Indie developers are notoriously frugal and may refuse to pay for analytics until revenue is already established.
If setting up payment webhook listeners requires complex configuration, devs will abandon implementation.
Should you build it?
Run an Investment Memo to get a structured Go / No-Go verdict, competitor landscape, unit economics, and a 90-day validation roadmap for this opportunity.
Generate an investment memoWhat this score means
This opportunity scores well above the median for ideas surfaced by MonetScope, with a validation sub-score of 9/10 against 3 independently sourced evidence signals. A "strong" rating in this band typically means the pain signal is consistent and recurring across multiple discussions, but one of the three pillars (severity, willingness to pay, or competitor weakness) is somewhat softer than top-tier opportunities. Founders evaluating this should focus customer discovery on the softest pillar first — confirming the gap before committing engineering time to a build.
Why this matters for SaaS founders
It sits at the intersection of "analytics", "attribution", "conversion-optimization", which makes it relevant to a specific subset of founders rather than a generic horizontal opportunity. SaaS opportunities at this stage tend to win on the strength of their initial wedge — a single workflow that the target user runs every week, where the existing solution is either spreadsheets, a clunky incumbent feature, or a manual process they hate. The build cost is moderate; the distribution cost is everything. The MonetScope pipeline surfaces this category alongside other saas signals, which is why it appears here rather than in a generic "trending ideas" feed.
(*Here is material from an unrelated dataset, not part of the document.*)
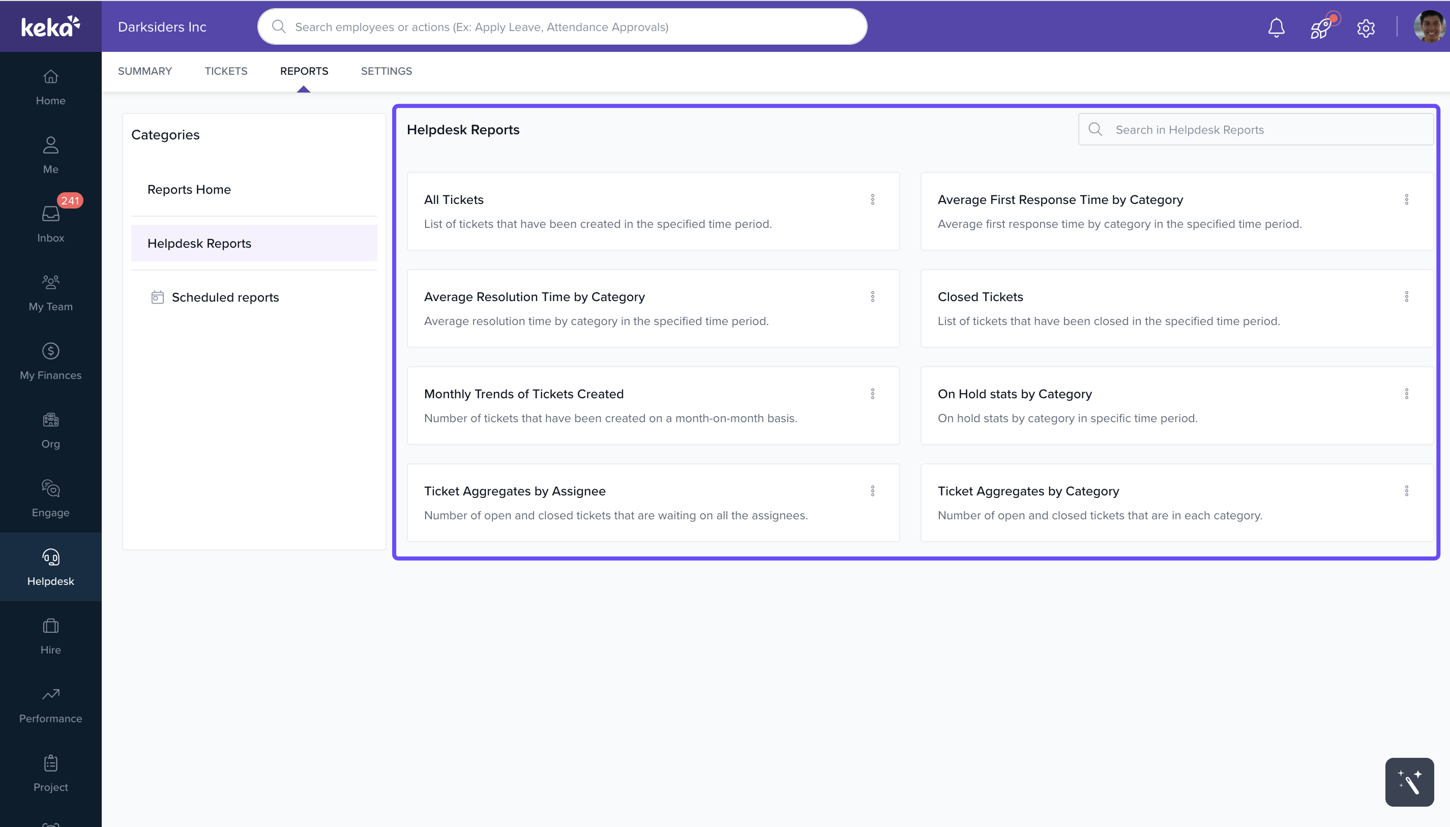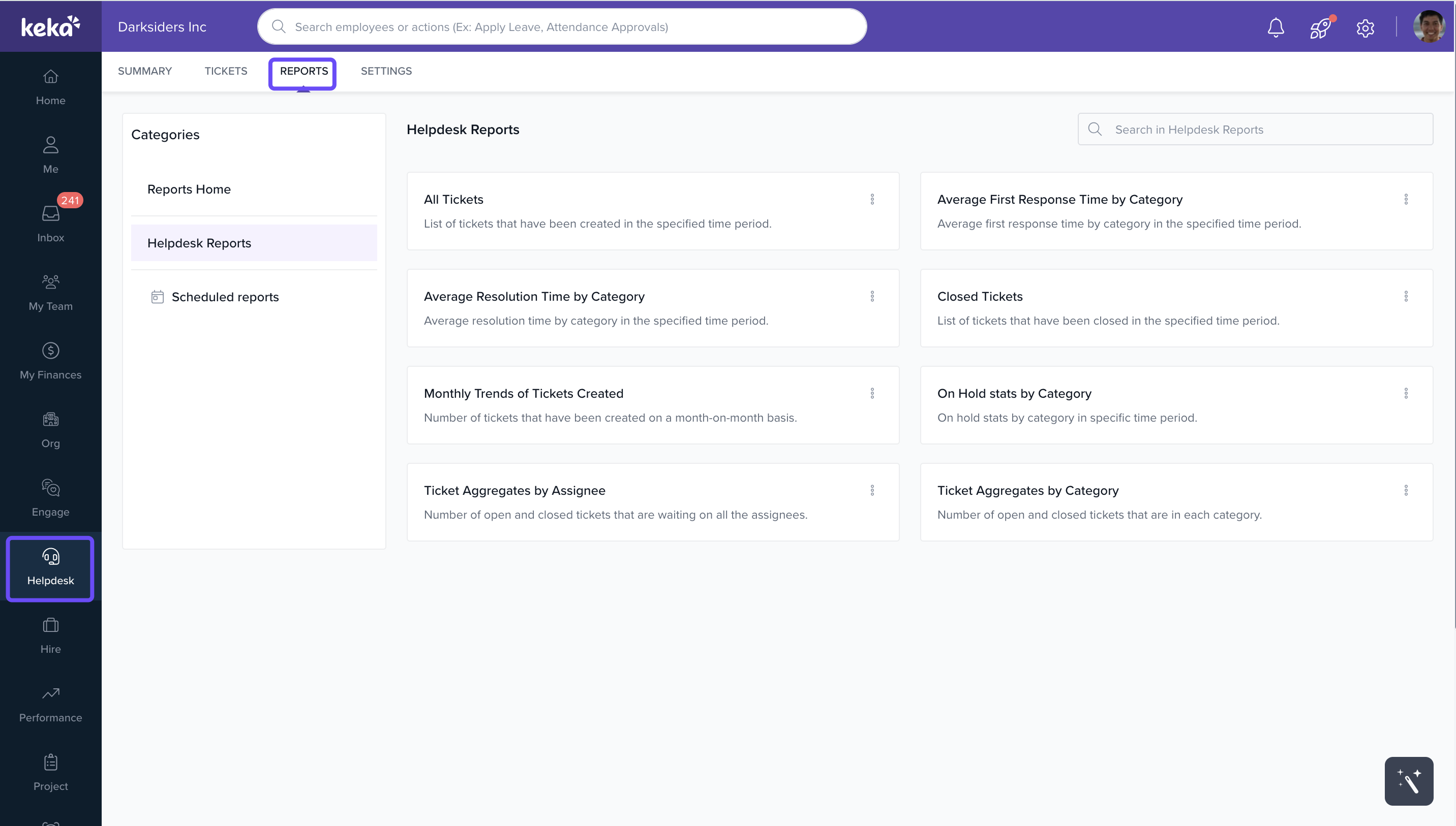 This article helps Keka administrators navigate and utilize the Helpdesk Reports feature. You'll learn how to reach the reports section, understand the variety of report types available, and download them efficiently. These insights are essential for tracking ticket volume, response times, and overall helpdesk performance.

Scores are derived from real forum discussions across Reddit, Hacker News and X, weighted by evidence volume and signal quality. How scoring works
Frequently asked questions
Is "Convrt: Zero-to-Paid Attribution & Conversion Funnel for Indie Devs" a real validated startup idea or just an AI-generated suggestion?
MonetScope does not generate ideas from a language model's imagination. Every opportunity on this site is anchored to specific source posts and comments from real public discussions — typically on Reddit, Hacker News, or X — where actual users describe the pain in their own words. The AI's role is structuring, scoring, and grouping those signals into a navigable opportunity, not inventing the problem.
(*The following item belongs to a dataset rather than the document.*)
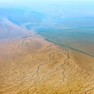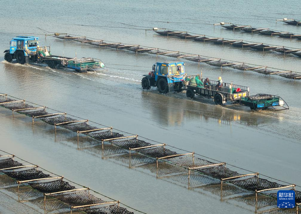 1月15日,养殖户驾驶拖拉机趁着退潮出海采收紫菜(无人机照片)。

How recent is the underlying data for analytics?
MonetScope's spider pipeline runs continuously and surfaces opportunities as new evidence accumulates. The "Updated" date in the header reflects the most recent re-scoring of this specific opportunity. Most saas opportunities visible in the public catalog draw from discussions in the last 30-60 days; older signals are de-prioritized because user pain shifts faster than most founders assume.
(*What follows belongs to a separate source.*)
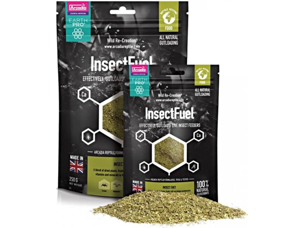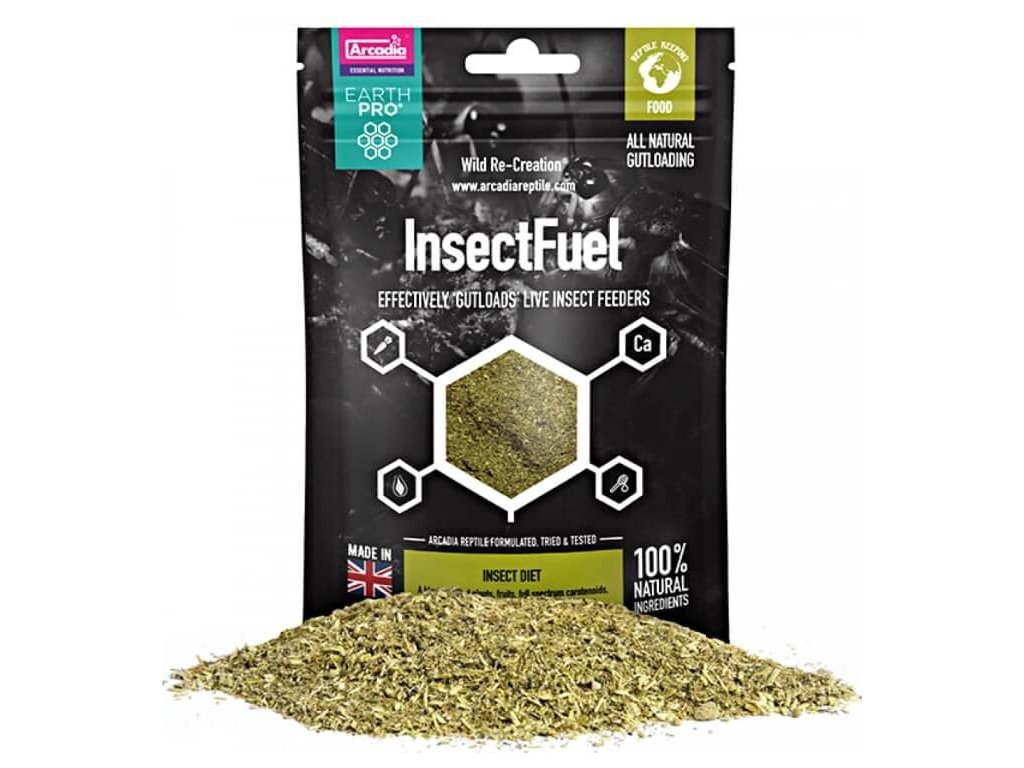 Krmivo pro krmný hmyz Arcadia EarthPRO-Insect Fuel má svůj základ ve vojtěšce, pěstované a sklízené v Anglii, obohacené o plné spektrum vitamínů, minerálů a včelího pylu. Směs Insect Fuel je určená pro zkrmování živému hmyzu – cvrčkům, sarančatům, švábům, moučným červům a zophobasům. Doporučujeme jim tuto směs nabízet několik dnů předtím, než bude hmyz zkrmován plazům. Tak zajistíte, že vaši plazi budou konzumovat plnohodnotné živé krmivo. Tento způsob krmení hmyzu se označuje jako gutloading.

What's the difference between "overall score" and "validation score"?
Overall score is a composite across six dimensions — pain, urgency, willingness to pay, market size, defensibility, and execution ease — designed to give a single number for triage. Validation score is narrower: it asks "how cleanly does the same signal repeat across independent sources?" An opportunity can score high on overall but lower on validation when one or two large discussions dominate the evidence; conversely, validation can be high on a smaller-overall idea where the signal is consistent but the addressable market is modest.